Nowadays, there is a large number and diversity of resources that can contribute to the educational process. In the last years, repositories of different resources have arisen to gather materials for educational purpose. A Learning Object (LO) is any digital self-contained and reusable entity, with a clear educational purpose, with at least three internal and editable components: content, learning activities and elements of context. Learning objects must have an external structure of information to facilitate their identification, storage and retrieval: the metadata (Chiappe, 2007). LOs may be useful for a student who wants to learn a subject, or for a teacher who is trying to prepare didactic material for his/her class. LOs are stored in online repositories. Here are a few examples: the Ariadne Foundation for the Knowledge Pool (European Association open to the World, for Knowledge Sharing and Reuse), the OERCommons (Open Educational Resources initiative, created by ISKME, the Institute for the Study of Knowledge Management in Education as part of the Foundation’s worldwide OER initiative) and FLOR (Federación Latinoamericana de Repositorios, created by the Latin-American Community of Learning Objects). These LO repositories store useful and interesting resources about different subjects and most of them have a search engine to retrieve LOs according to a particular topic.
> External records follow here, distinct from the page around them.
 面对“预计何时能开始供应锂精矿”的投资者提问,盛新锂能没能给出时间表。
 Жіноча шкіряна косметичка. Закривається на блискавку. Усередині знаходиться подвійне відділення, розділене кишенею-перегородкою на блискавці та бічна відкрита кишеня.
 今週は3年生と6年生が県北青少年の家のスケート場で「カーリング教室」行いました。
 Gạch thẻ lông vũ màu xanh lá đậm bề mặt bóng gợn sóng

When a student or a teacher needs to find educational resources, he/she could submit a query to these repositories. But different users get the same list of objects for a given search. In general, users check only the top results, but in many cases, these top results are not the most suitable if the search is performed considering only subject keywords. This is because users have different personal characteristics and preferences, which should be also considered in the search. Recommender systems arise to help in this kind of problem. Then, they can be used to automatically select LOs that are more appropriate to each user.
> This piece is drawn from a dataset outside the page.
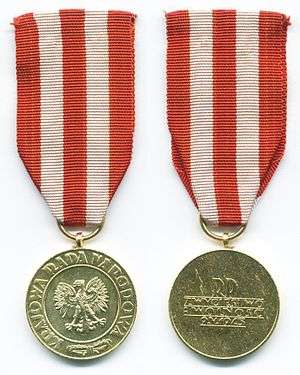 Medal of Victory and Freedom 1945 (Polish: Medal Zwycięstwa i Wolności 1945) was a Polish military decoration awarded to persons who fought during World War II against Nazi Germany.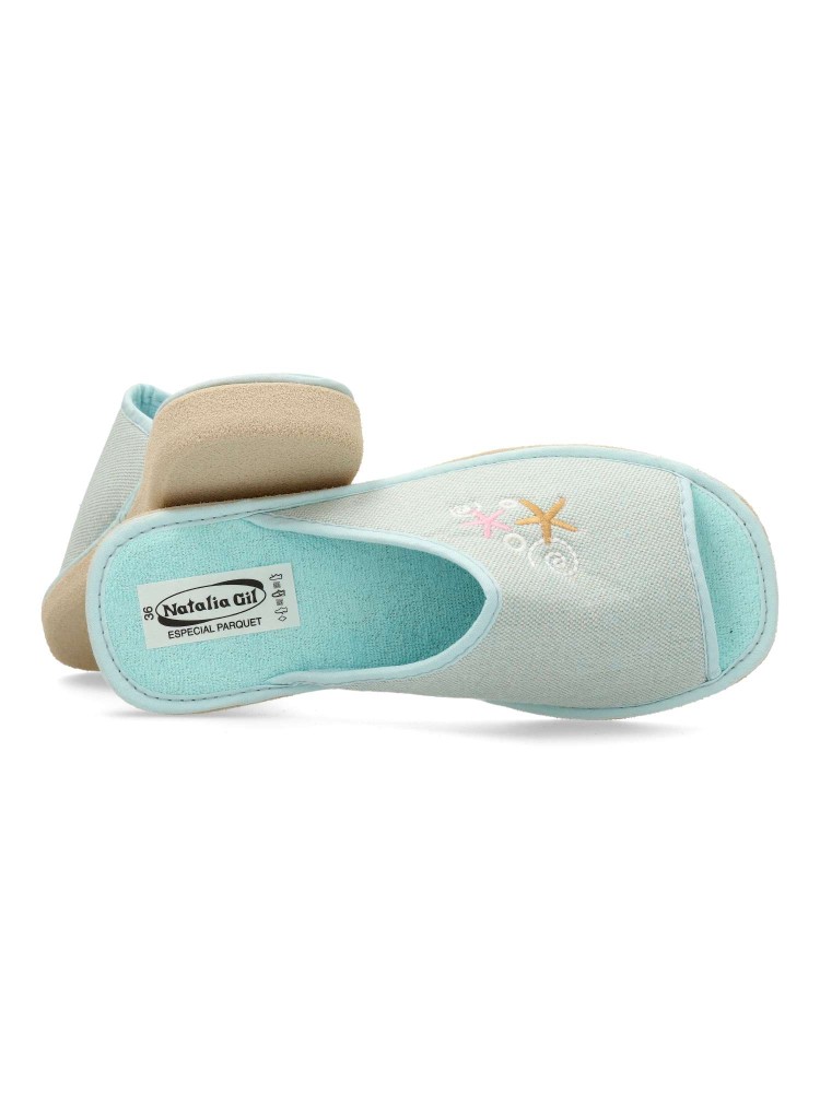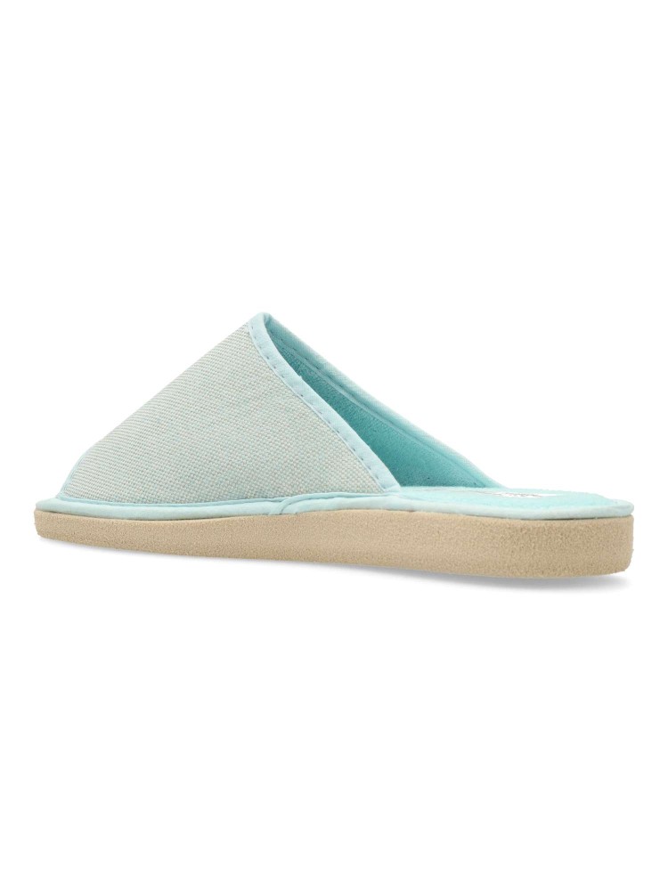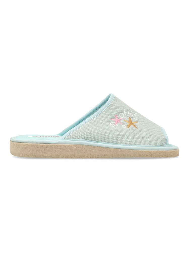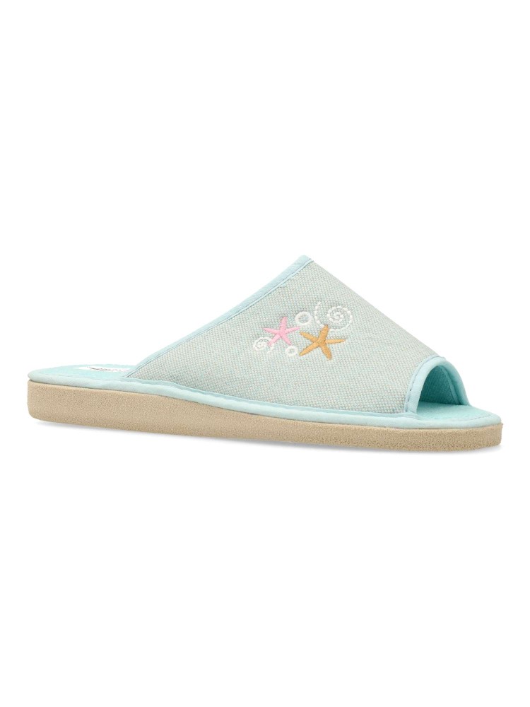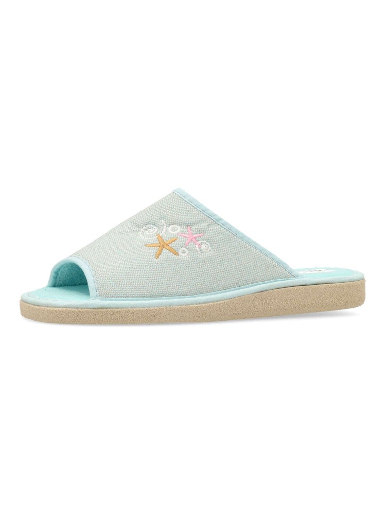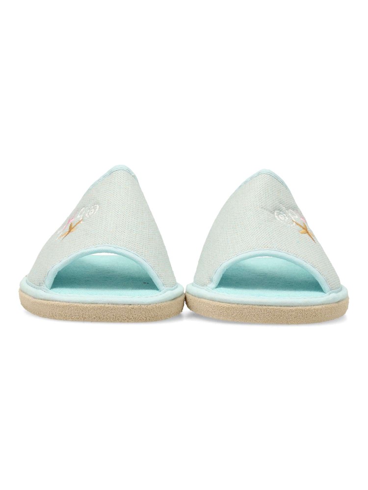 Zapatilla de casa para mujer con detalle bordado. Modelo cómodo y ligero, fabricado en textil acolchado y suave, con suela de goma EVA (especial parquet). Color verde agua. Puntera descubierta pinky. Confort máximo para estar en casa. Hecho en España.

For example, suppose that two Argentinean students at the university, José and María, need to study on Java language, and they decide to search a repository looking for a course about Java. But José and María are different. José is studying an informatics career and María studies industrial engineering. José handles English fluently, and he prefers to solve problems in a practical way to understand what he needs to learn. María has not knowledge of English, and she prefers a theoretical knowledge of the subject to understand. Furthermore, José has previous knowledge on programming languages but María has not it. Both made the search for Java programming language in the repository, and both get the same list of courses as a result. When José scrolls the list of results, he discards the top ten because they are theoretical or very basic, and he chooses to use the eleventh. María discards the first four items of the list because she does not have prior knowledge to understand them or are in English. She chooses to use the sixth item, which is theoretical and no prior knowledge is needed. Both José and María have spent time and effort to evaluate the retrieved list of courses, and they discard several of them for various reasons unrelated to the topic of interest. So, taking into account language, difficulty and learning style, etc. that the user prefers, the recommender system can make a ranking of the best LOs for that user, and it puts them as top results.